My Nico observes me from afar while my Max gets right up in my face with his twenty questions and overcharged toddler energy. Nico misses his grandpa, but doesn’t quite have the words to express it so he keeps his grandpa’s handkerchief close by at all times. Max understands that grandpa is “in the sky” and so he looks up to the sky and tells him he loves him and that he misses him.

They know when I’m having a hard day and am really missing my father because they watch everything I do and listen to everything I say. They know when I’m happy or sad, when I’m excited or frustrated, when I’m upset with them or frustrated with their dad, and when I’m lost in my own thoughts.

And I can’t help but think that that was exactly how I was with my own parents. Always silently observing them and deciding if it was going to be a day where they “loved each other” or a day where they didn’t. It sounds crummy when I phrase it that way, I know, but when you’re a child seeing your parents argue instead of embrace each other with love and affection, that’s what it seems to boil down to. For children, I think it tends to be black and white. They eventually learn that there can be gray area with age and life experience.

Now that I’m a wife and a mother, I think about this dynamic all the time.

Are my boys seeing me as I want to be seen?

Are they seeing their parents as a loving team?

Are they forming their understanding of what love is through observing my husband and me?

And when we argue, do they think that we don’t love each other?

I find that there is nothing worse than history repeating itself when you want so much for it not to be repeated.

I want my boys to see how much I love my husband, their father, and know that even when we are unhappy with each other it’s really just stemming from a situation or current circumstance or the stresses of life. It’s not meant to be permanent.

I want them to pay closer attention to when we are laughing hysterically with each other, holding each other close on the couch, making plans for the next great family adventure, and consoling each other as we try to work through the hardships that life has thrown our way.

That’s what I wish I spent more time focusing on when my parents were raising me. I’m only now remembering all the beautiful moments they shared.

I think that’s why I came to Sedona and to the Grand Canyon. So I could rewrite my parents love story in my head.

I wanted to be in the same exact places they were when they were the absolute happiest. To be where they said they wanted to grow old together. Because I see now that when they were able to strip away the stresses of life and escape the hardships they were facing, they found their love for each other again.

I hope my boys saw the sheer excitement and contentment my husband and I had while exploring the same beautiful places their grandparents did over 30 years ago. I know I felt peace in my heart and love for my husband on this trip. And although the trip wasn’t free of all mishaps and meltdowns, at its core it was a trip for the Luna record books.
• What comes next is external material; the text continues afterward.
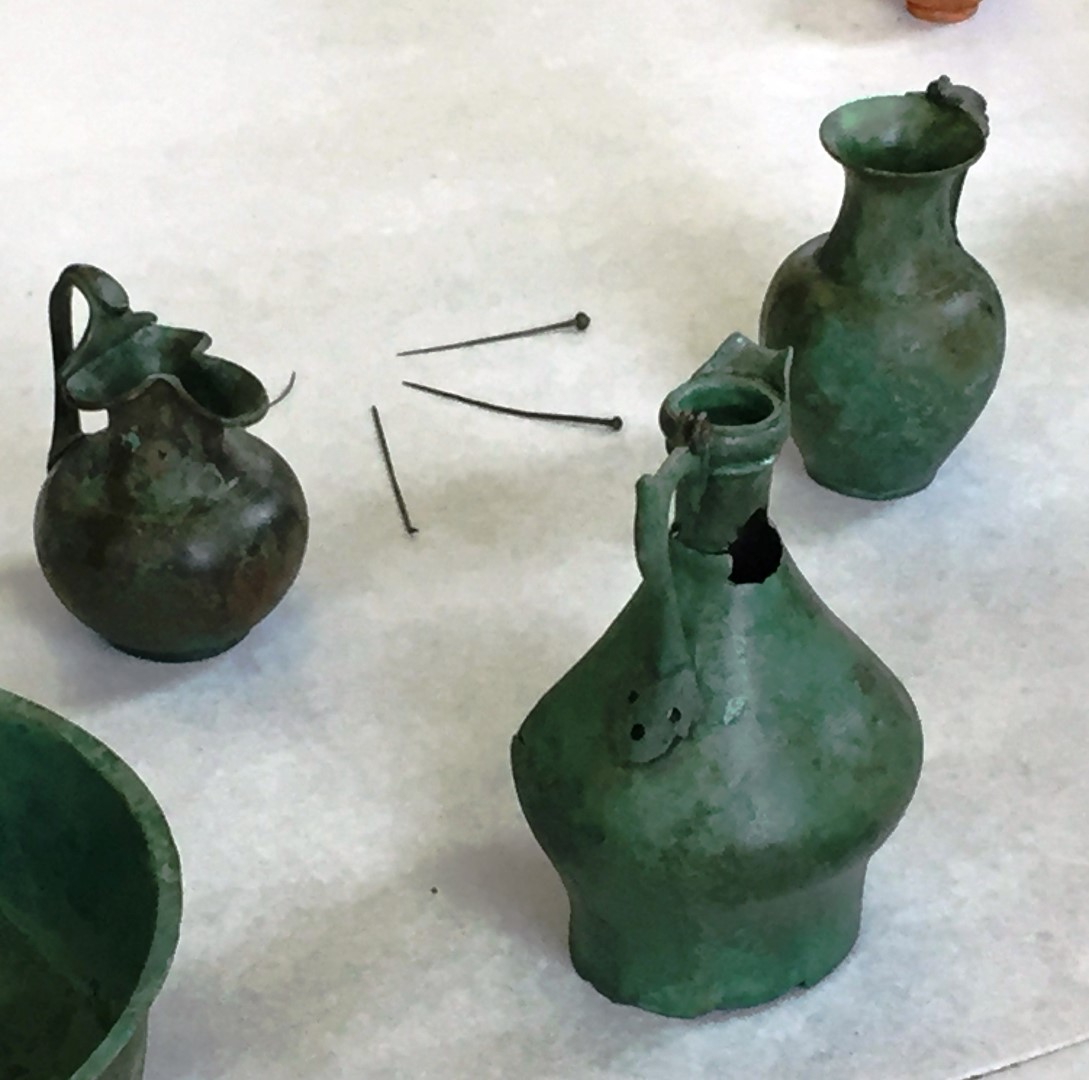 Bemmel – Luxe grafgiften als geverfd aardewerken serviesgoed; versierde bronzen schenkkannen, drinkbekers en schalen, maar ook spiegels en een compleet parfumflesje met inhoud. Dat zijn enkele van de bijzondere vondsten uit het Romeinse grafveld bij Bemmel.

I didn’t appreciate the beauty of this magical southwestern landscape when I was young, just like I know my boys don’t right now. But, I do hope that this trip was imprinted on their hearts because they saw how enamored their parents were with it.
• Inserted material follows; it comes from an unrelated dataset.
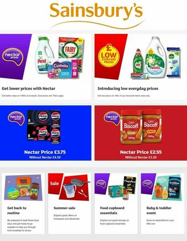 On this page, you will find the latest offers and special buys for Sainsbury's, one of the largest supermarket chains in the United Kingdom. Every Friday a new range of special buys is released here. There are more than 1400 Sainsbury's grocery stores in the UK that offer best prices for both - food and non-food items. But Sainsbury's isn't only about grocery. You can enjoy exclusive offers on items like clothing, kitchen appliances, gardening products, electricals, homewares, DIY tools and much more. Don't miss any of them!

It’s almost surreal, but when my husband said that we had to now be the ones to retire in Sedona I felt like something truly magical did take place here.

I know life will continue to throw me curve balls and I may very well be retiring with both my husband and my Nico to Sedona someday. But my ultimate hope is that no matter what life throws our way, my husband and I will tackle it together, side by side.

I want my boys to see that real love withstands hardship, heartache, and distance because it does. And the reason I know this is because, in my dreams, I saw my father embrace my mother after years of distance and they fell right back in love again. That will be the story I share with my boys for years to come when they say they miss their grandpa.

That’s what I saw when I walked amongst the clouds at the Grand Canyon this Thanksgiving. My parents, hand in hand, marveling at the life I have made for myself and at the loves of my life who make it worth living.

For me, that moment up in the clouds was what I was most thankful for this year. It was truly magical.